The transmitter tool outputs messages and logs to the terminal console where the command is run.
The tool also creates a log file that contains detailed logs about the processing of files. The log will show the Transaction Id and Transmission Id of each file transmission among other details.
The log file is created in the logs directory under the tool home directory (bdi-cli-transmitter/logs).
The name of the log file will be in the format: bdi-file-transmitter_yyyy-mm-dd_hh:mm:ss, for example bdi-file-transmitter_2016-07-04_10:38:59.
In case of any error in file processing, error in transmission of file to the receiver service, timeout of file transmission, or any other failure, the file will be moved to the 'failed' directory: <inputFileDirectory>/failed/<interfaceModuleName>/<transactionId>
For example, if the input file location is '/home/bdi/interface/files' and the interface module of the files is 'ExtPrice_Tx', and the transaction Id of the file transmission is 'Tx#1475858081837', then if the transmission of file fails, the file will be moved to the directory: /home/bdi/interface/files/failed/ExtPrice_Tx/Tx#1475858081837.
A properties file containing the input details corresponding to the failed file will be created. For example, if the file named 'ExtPrice_1.csv' has failed, then a file named 'ExtPrice_Tx_1.csv.properties' will be created in the 'failed' directory. This acts as the input context that will be used when the file is reprocessed. The user should not delete or modify this properties file, if the data file has to be re-processed with the original input context.
Due to parallel processing of files by the transmitter, there may be a scenario where some records in the file may have been transmitted successfully, but part of the file transmission may have failed. Even in this case, the entire file will be treated as failed and moved to the 'failed' directory.
Reprocessing will be at the file level and not at the block level where the transmission may have failed. In the case of partial transmission of file, the BDI Receiver application also marks the whole transmission as failed and hence the entire file can be retransmitted to be processed again by the receiver application.
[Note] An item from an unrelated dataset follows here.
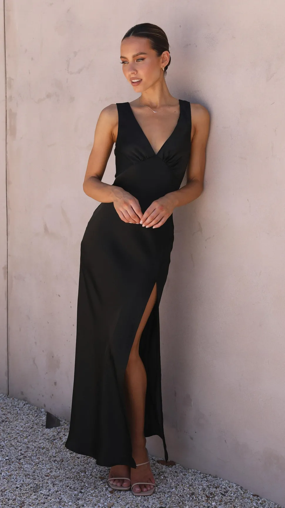 Our Taylor Maxi Dress is understated but elegant, the perfect occasion dress of the season. This luxe satin look maxi features a gorgeous plunge neckline and high leg slit to create a flattering silhouette.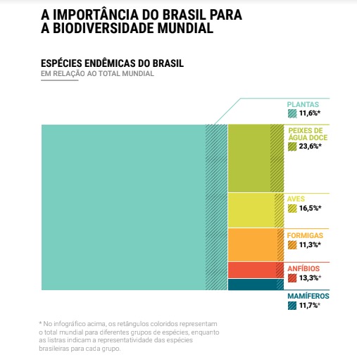 O Brasil é tão importante pra biodiversidade mundial, que 24% de todas as espécies de peixes de água doce do mundo ocorrem aqui. Assim, como 17% das espécies de aves e 13% das de anfíbios.

To retry failed files (that did not get transmitted successfully in previous transmission) use the below command:
bdi-file-transmitter.sh -retry-failed <inputFileDir or inputFilePath>
For example, bdi-file-transmitter.sh -retry-failed /home/bdi/interface/files/failed/ExtPrice_Tx/Tx#1475858081837
bdi-file-transmitter.sh -retry-failed /home/bdi/interface/files/failed/ExtPrice_Tx/Tx#1475858081837/ExtPrice_1.csv
Once a file is successfully reprocessed, it will be renamed as <filename>-retransmitted. For example, ExtPrice_1.csv-retransmitted. And, the corresponding properties file will be deleted.
Login in EICS and navigate to the Job Scheduler screen.
Select the desired job (for example, External Price TX Import or External RFID TX Import) from the list.
Edit the Job details on right panel.
Set required interval for execution and Enabled to Yes.
Click Apply to exit the edit mode.
For configuring multiple jobs on a go, repeat Step 2 for each job.
Click Save to save the current changes made on the screen.